I am close to give up. please help.
I have my kernel (ultrasonic beam simulation) already written and verified in m-script and plain C code, it works as mexw64. It is already optimised for localized memory access(const memory).
All i need now is a wrapper.

Will provide detailed error messages if neccesary.

please help . . …

Hi All,

I have installed gpu-mat toolbox from http://www.gp-you.org./index.php and, interesingly it contains .m to gpu-enabled mex compiler in it. Yes, a m-script compiler!
And it works on my configuration (in the previous post).

Upon closer examination, the “.m” compiler simply packs a linear list of operations into a .cpp file and then compiles it using plain mex. Not bad, but that’s still a series of operations instead of custom optimised kernel.

I am not sure how it works yet, but it must hold the answer. Stay tuned for updates.

OK, an update.

The library above doesn’t compile cuda at all, it merely links a list of precompiled cuda kernels. Nice, however this is not what i need.

In the end i installed a 32bit version of matlab, 32bit libraries etc. . . . and they work no problem.

I still don’t know how to make 64bit versions work . . .

my ultrasonic beam calculator achieves 270x speedup over matlab, and still a 130x speedup over compiled C version ( Gt9500 over i7-720@ 2.8GHz ). Refreshing. Now i have a good excuse to buy the Gf470 :-)

OK, an update.

The library above doesn’t compile cuda at all, it merely links a list of precompiled cuda kernels. Nice, however this is not what i need.

In the end i installed a 32bit version of matlab, 32bit libraries etc. . . . and they work no problem.

I still don’t know how to make 64bit versions work . . .

my ultrasonic beam calculator achieves 270x speedup over matlab, and still a 130x speedup over compiled C version ( Gt9500 over i7-720@ 2.8GHz ). Refreshing. Now i have a good excuse to buy the Gf470 :-)

That sounds like you’re linking with the 32-bit CUDA instead of the 64-bit.

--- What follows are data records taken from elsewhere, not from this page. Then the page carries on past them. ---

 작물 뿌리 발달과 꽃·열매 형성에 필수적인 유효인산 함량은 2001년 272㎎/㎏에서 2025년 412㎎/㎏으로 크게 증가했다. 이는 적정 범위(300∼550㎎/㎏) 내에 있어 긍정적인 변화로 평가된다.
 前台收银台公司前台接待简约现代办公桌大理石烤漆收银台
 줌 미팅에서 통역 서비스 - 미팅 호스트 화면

Does your mex line look something like

mex(‘-largeArrayDims’, ‘YOURFILENAMEHERE’, ‘-LC:\CUDA\lib64’, ‘-lcudart’);

i wasn’t using ‘largeArrayDims’ but regarding the lib64, I am pretty sure i had ONLY the lib64 folder at that time so it couldn’t link to anything else. I was trying to put that path into various places and it didn’t work.

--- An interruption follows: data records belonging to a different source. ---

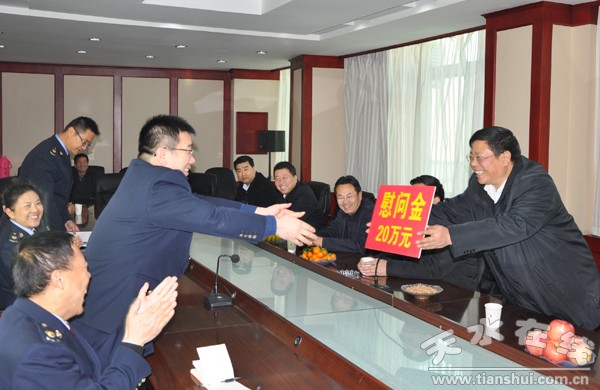 12月31日,麥積區(qū)四大組織在家領(lǐng)導(dǎo)張智明、賈應(yīng)珍、何東、楊續(xù)祥、邵長鋒,帶領(lǐng)區(qū)委辦、區(qū)人大辦、區(qū)政府辦、區(qū)政協(xié)辦負責(zé)人,深入財稅系統(tǒng)進行看望慰問活動,感謝他們一年來為全區(qū)經(jīng)濟發(fā)展做出的突出貢獻,祝福各位干部職工新年愉快,萬事如意,同時希望在新的一年里,再接再厲,努力為麥積經(jīng)濟發(fā)展做出新的更大的貢獻。
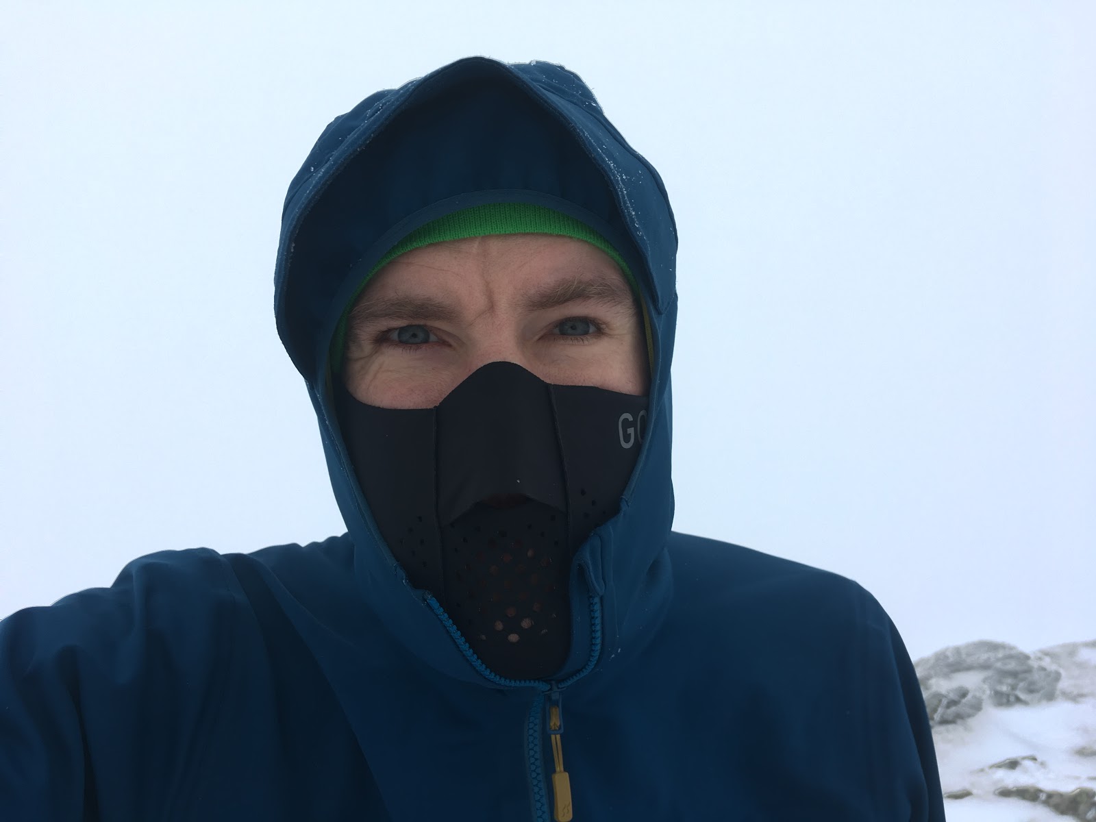 And into the wind on the descent, I had to deploy my new face mask – good testing conditions for next week – where I’ll be in the Arctic on expedition I figured!
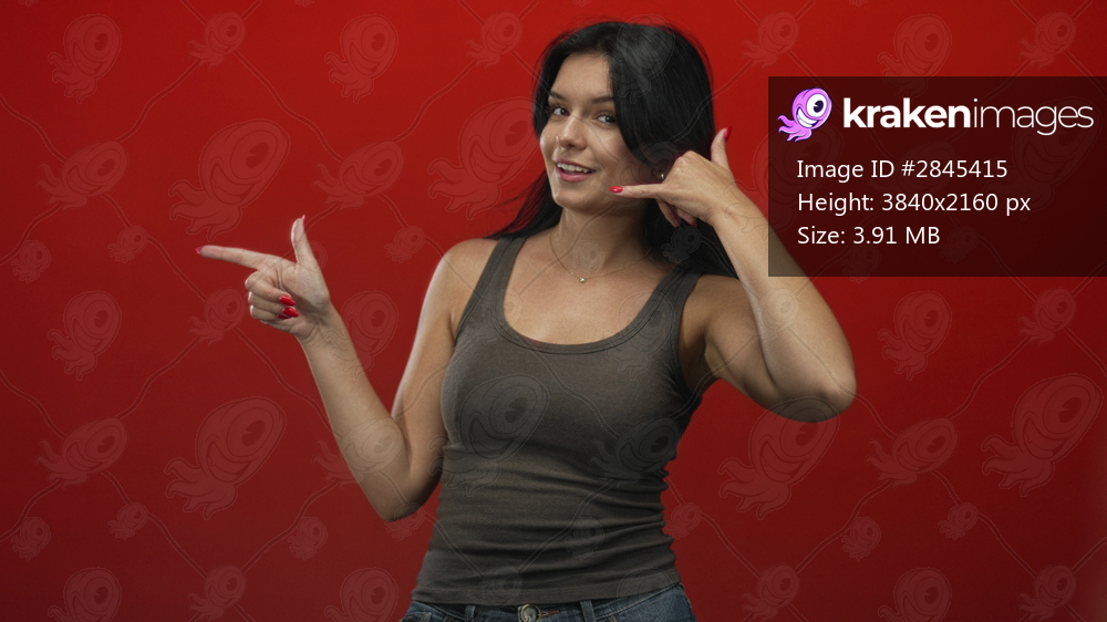 Smiling hispanic young woman makes phone call gesture with painted nails and pointing finger in studio with red background; social connection.

Still, now that i have written my own version of ‘compiling script’ i might try it again with 64bit matlab. I’ll report if i do.

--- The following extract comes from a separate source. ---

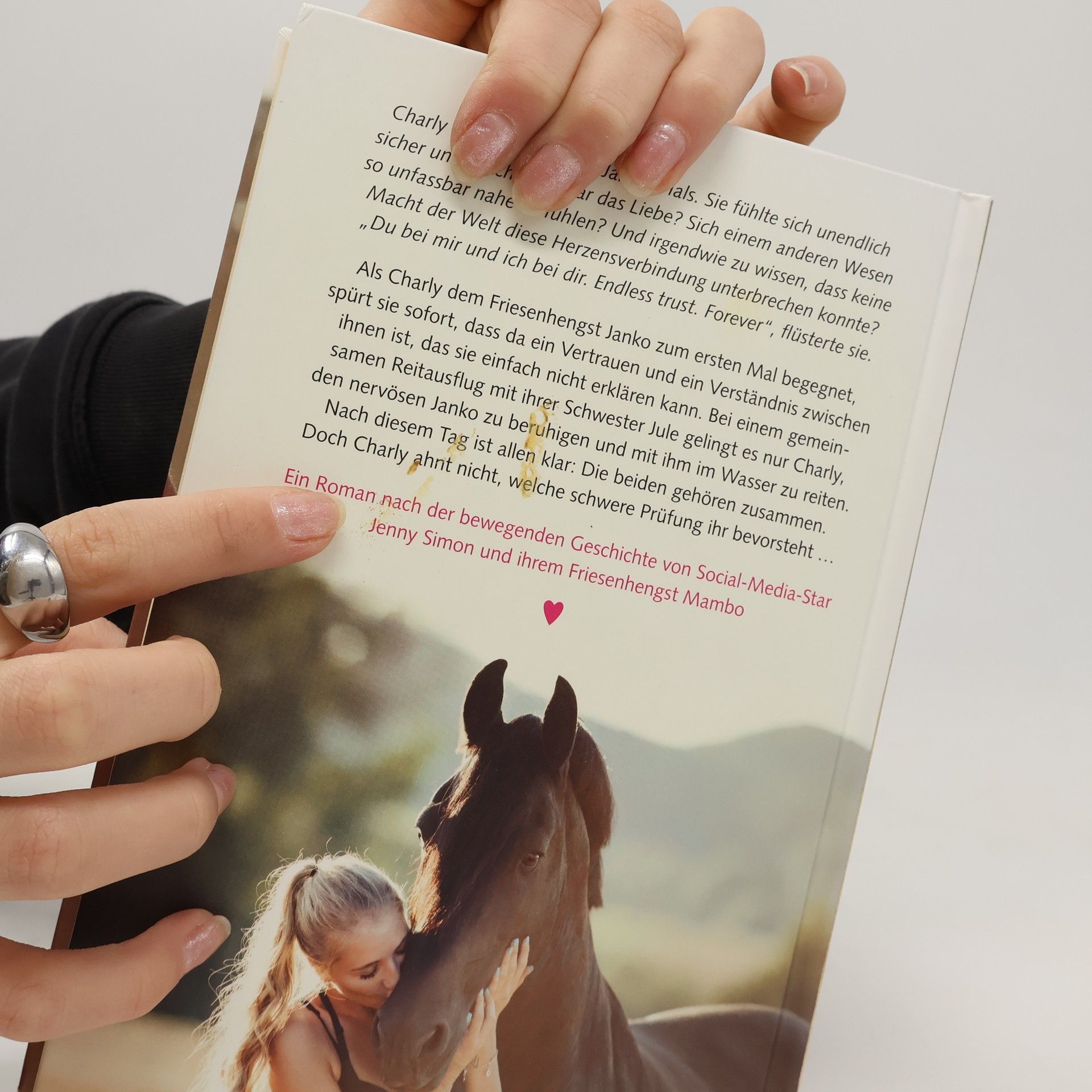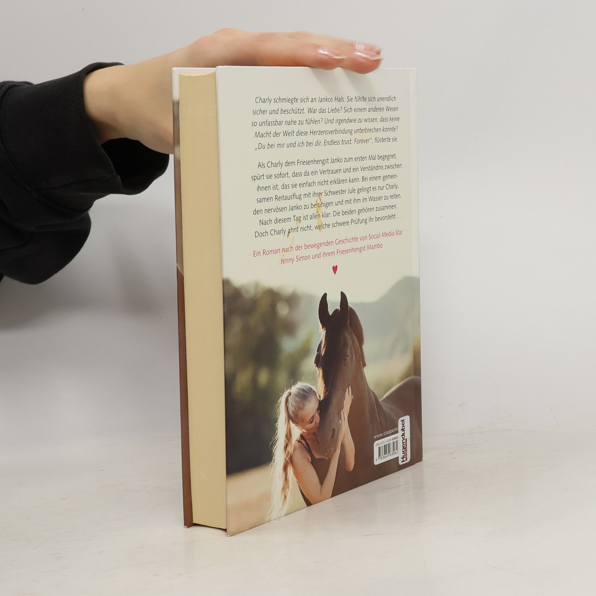Als Charly dem Friesenhengst Janko zum ersten Mal begegnet, spürt sie sofort, dass da ein Vertrauen und ein Verständnis zwischen ihnen ist, das sie einfach nicht erklären kann. Dabei ist sie doch eigentlich leidenschaftliche Dressurreiterin und ihre Schwester Jule der begeisterte Friesenfan! Bei einem gemeinsamen Reitausflug gelingt es nur Charly, den nervösen Janko zu beruhigen und mit ihm im Wasser zu reiten. Ein wichtiger Moment für die beiden, den Charlys Schwester mit der Kamera festhält. Nach diesem Tag ist allen klar: Charly und Janko gehören zusammen. Und ihre besondere Geschichte bewegt auch Tausende andere, die die Aufnahmen des neuen Traum-Duos auf YouTube verfolgen. Doch Charly ahnt nicht, welche schwere Prüfung ihr bevorsteht … Ein Roman nach der bewegenden Geschichte von Social-Media-Star Jenny Simon und ihrem Friesenhengst Mambo. Hunderttausende folgen Jenny und Mambo auf YouTube, Instagram und Facebook. Jenny bildete den Friesen aus, kämpfte darum, ihn zu behalten, und musste schließlich seinen Tod im Sommer 2017 verarbeiten. Ihre Fans halten ihr im Netz weiterhin die Treue.

ok, here is my final solution. Workes fine for WinXP64 bit and 32-bit MATLAB, also works fine on Windows 7 64-bit and 64-bit MATLAB.

Didn’t work on WinXP 64 bit and 64-bit Matlab, i don’t know why.

% nvc(filename) compile cuda via intermediate .obj file

% '.cu' extension is already added

% in case if nvcc complains about some .h or .lim files, simply add them to

% the "nvcc.profile" file where they belong

% regarding the options, simply comment or uncomment relevant line as

% needed

% 2010-07 Jerzy Dziewierz, CUE, Strathclyde University

% Public domain, but please keep this short comment 

function nvc(filename)

% make cuda .obj file first

options='-gencode=arch=compute_10,code=sm_10 -gencode=arch=compute_10,code=compute_10 -gencode=arch=compute_20,code=sm_20 -gencode=arch=compute_20,code=compute_20';

options=[options ' --use_fast_math'];

%options=[options ' -keep'];

txt=sprintf('c:\MATLAB2010a\CUDA\bin64\nvcc %s.cu %s -c -lcufft -lcudart -lcuda --ptxas-options=-v -Ic:\MATLAB2010a\extern\include\',filename,options);

system(txt)

%mex_options='-g'; % to include debug info 

mex_options='-O'; % enable optimisation

n=getenv('CUDA_LIB_PATH');

mex(['-L' n],mex_options,'-lcudart','-lcufft','-lcuda',sprintf('%s.obj',filename));

delete(sprintf('%s.obj',filename));

usage: (assume that you have example.cu )

nvc example

no need to be in your code folder, works from anywhere within Matlab’s path.

Hey all, now that MATLAB supports CUDA kernals directly, many of you have probably given up on using the nvmex compiler.

However, for portability issues, I still think it is best to write your own stand-alone mex file with CUDA code.

I have been using nvmex for my research and have the most up-to-date nvmex with setup instructions at www.nlsemagic.com.